Pub Date : 2026-02-07 DOI: 10.1021/acs.orglett.5c04906

Tian-Yuan Zhang, Chun-Yan Peng, Bin Liu, YuanHu Mao, Liang Ding, Hui-Min Qin, XiangKai Kong, JinGang Peng, Xiang-Zhi Luo, Yu-Die Zhang, JiaYu Huang, Ran Xu, JianTa Wang, Lei Tang

The asymmetric total synthesis of (+)-subincanadine F has been achieved in only 9 steps from commercial tryptamine. A key step involves an Organo-SOMO-catalyzed α-arylation of aldehydes to construct the azepino[4,5-b]indole core. Finally, a subsequent intramolecular aza-Michael addition process leads to the formation of the 1-azabicyclo[4.3.1]decane framework. In addition, this Organo-SOMO catalytic strategy features a broad substrate scope, with diverse functionalized products afforded in generally moderate to good yields and good to excellent enantioselectivities.

以商业色胺为原料，仅用9步就合成了(+)-subincanadine F。其中一个关键步骤是有机somo催化的醛类α-芳基化，以构建氮杂平[4,5-b]吲哚核心。最后，随后的分子内aza-Michael加成过程导致1-azabicyclo[4.3.1]十烷框架的形成。此外，这种有机somo催化策略具有广泛的底物范围，具有多种功能化产物，通常具有中等到良好的产率和良好到优异的对映选择性。

引用次数: 0

Synthesis of Enantioenriched Difluoromethylated Allenes via Copper-Catalyzed Stereospecific Difluoromethylation. 铜催化立体定向二氟甲基化合成富对映体二氟甲基化烯。

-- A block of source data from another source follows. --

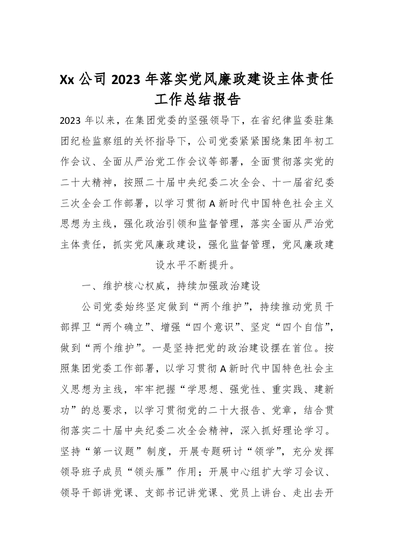 / Xx公司2023年落实党风廉政建设主体责任工作总结报告
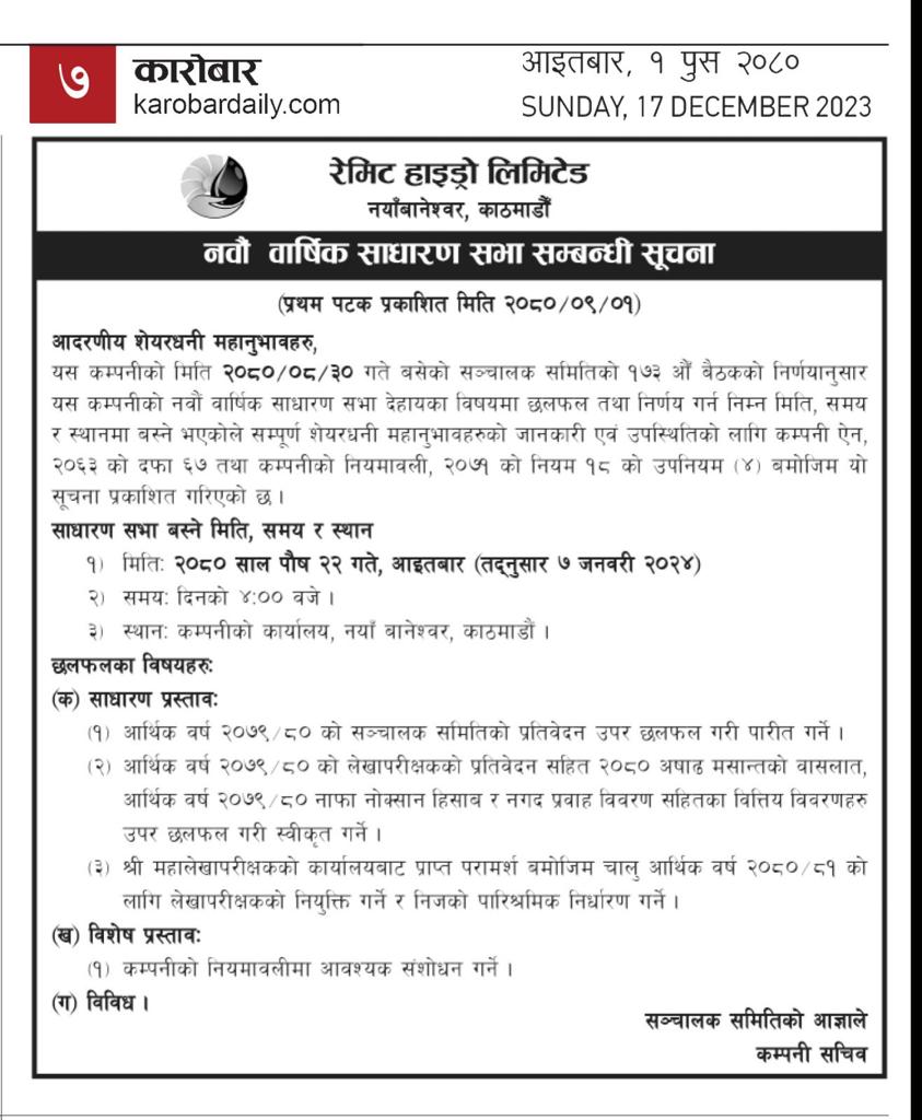 नवौँ वार्षिक साधारण सभा सम्बन्धी सूचना
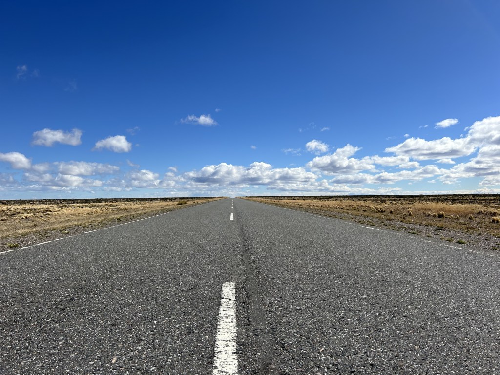 In the vast Patagonian desert, an optical illusion blurs the horizon, merging the sky with the road. You only see the “real” road a few hundred feet ahead. This went on for hours until we finally veered off Route 40, heading toward Los Antiguos.
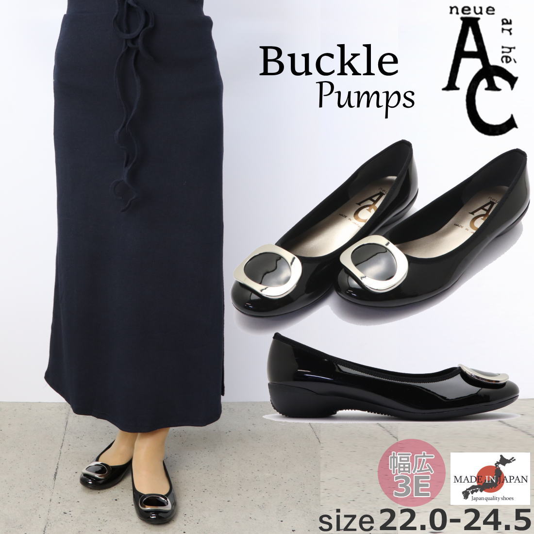 日本製 パンプス AC neue ar he 幅広 3E バックル エナメル ローヒール ラウンド 入学 入園 参観日 シェル No.1580
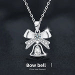 Original Butterfly Knot Bell Pendant Christmas Decoration Necklace S925 Pure Silver Moissanite Women's Fashion Jewelry Chain
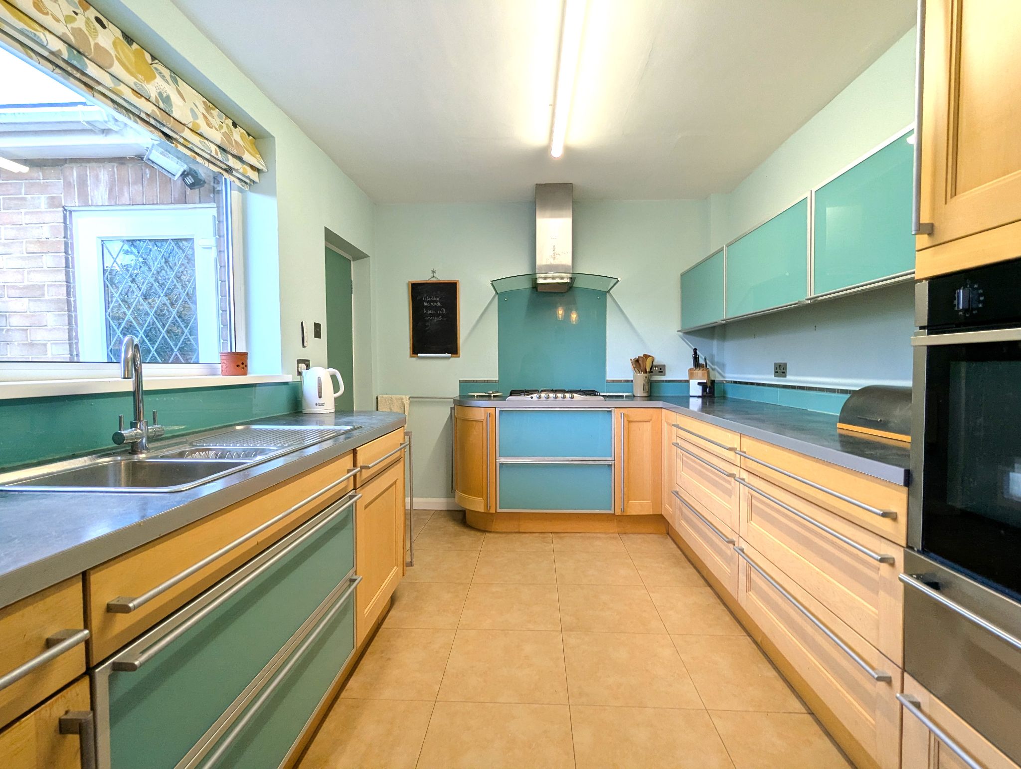 Kitchen/ Breakfast Area 8’8 opening to 12’9 x 21’7 (2.70m opening to 3.94m x 6.64m) An amazingly spacious kitchen with breakfast area perfect for looking out onto the rear garden via the double French UPVC doors. With tiled flooring throughout, the kitchen area has an ample range of contrasting fitted base and wall units and work surfaces. There is an integrated electric oven and gas hob with overhead extractor, dishwasher and fridge. Stainless steel one-and-a-half sink with mixer tap below a rear-facing UPVC double glazed window. There is an access point in the far corner of the kitchen to a rear passage connecting to the garage, utility cupboard with plumbing for a washing machine and UPVC door to the rear garden. The breakfast area also boasts deep built-in cupboards ideal for ample storage. Wall mounted radiator.
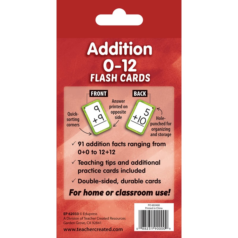 Teacher Created Resources Addition 0-12 Flash Cards (EP62033)
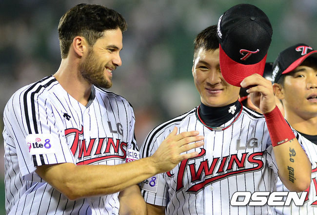 경기종료후 LG 스나이더와 오지환이 승리의 기쁨을 나누고 있다./greenfield@osen.co.kr
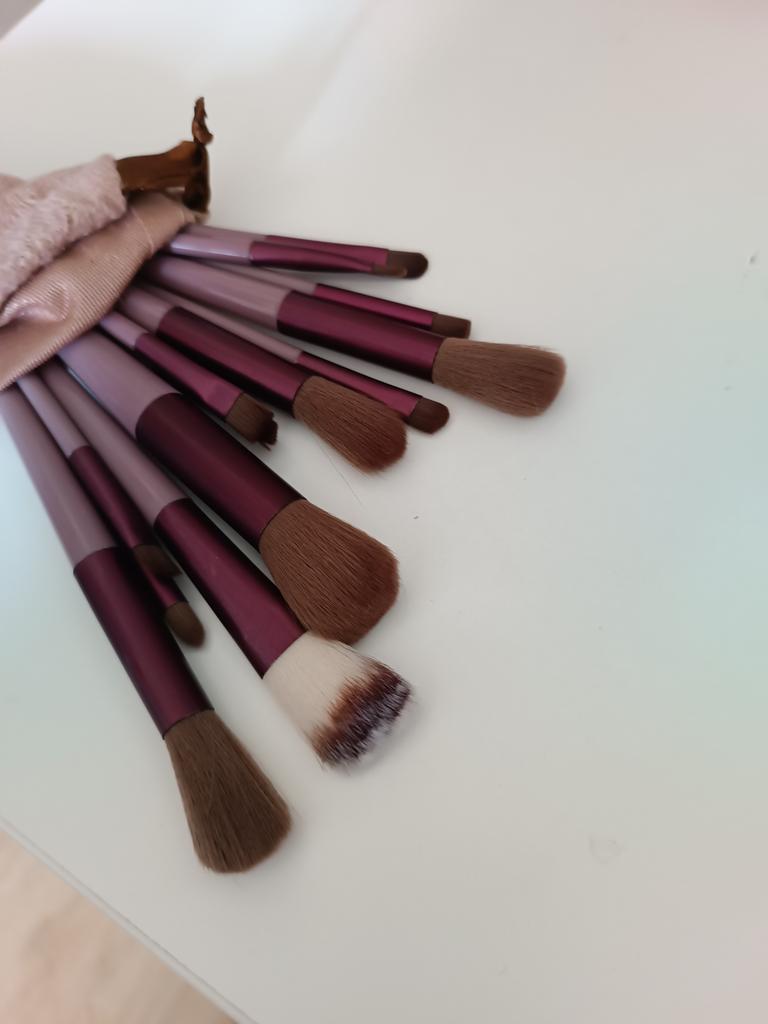 סט מברשות איפור מקצועי 13 יחידות זיפי ניילון לכל סוגי העור - כולל מברשות כף היד ושקית אחסון
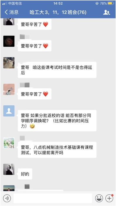 “抗‘疫’斗争,使我们共同经历着一次大考。”在2月27日至29日三天时间里,郭维萱先后为14个本科班级召开了线上班会,一一解答着同学们提出的各种问题,他告诉同学们,没有哪一场胜利是轻易得来的,一定要坚定信心、不畏疫情,时刻不要忘记“困难不怕,哈工大是家”。学生在他的带动下也纷纷投入到这场没有硝烟的战“疫”中,2017级本科生学生党员李鹏飞在家乡河北省小李庄村组织当地返乡大学生成立“返乡大学生志愿服务队”,助力当地疫情防控工作;在湖南长沙的2017级本科学生党员刘子轩所在的小区因疑似病例小区被封闭管理,但他依然积极乐观,与同学组成线上讲师团,在网上参与在线学业帮扶志愿活动。

IF 5 1区化学 Q1 CHEMISTRY, ORGANIC

Organic Letters

Pub Date : 2026-02-07 DOI: 10.1021/acs.orglett.5c05207

Su Chen, Jeanette A Krause, Yushu Zhang, Yixuan Wu, Chenxu Liu, Yufen Zhao

Axially chiral allenes are valuable motifs in natural products and chiral ligands in asymmetric catalysis, yet methods to access enantioenriched difluoromethylated analogues remain undeveloped. Here we report the efficient copper-catalyzed S_N2'-type substitution of propargylic alcohol derivatives with Zn(CF₂H)₂(DMPU)₂, to deliver enantioenriched difluoromethylated allenes under mild conditions. This transformation proceeds with high regioselectivity, a broad substrate scope, and operational simplicity, providing a general strategy to construct CF₂H-substituted chiral allenes of potential relevance to drug discovery.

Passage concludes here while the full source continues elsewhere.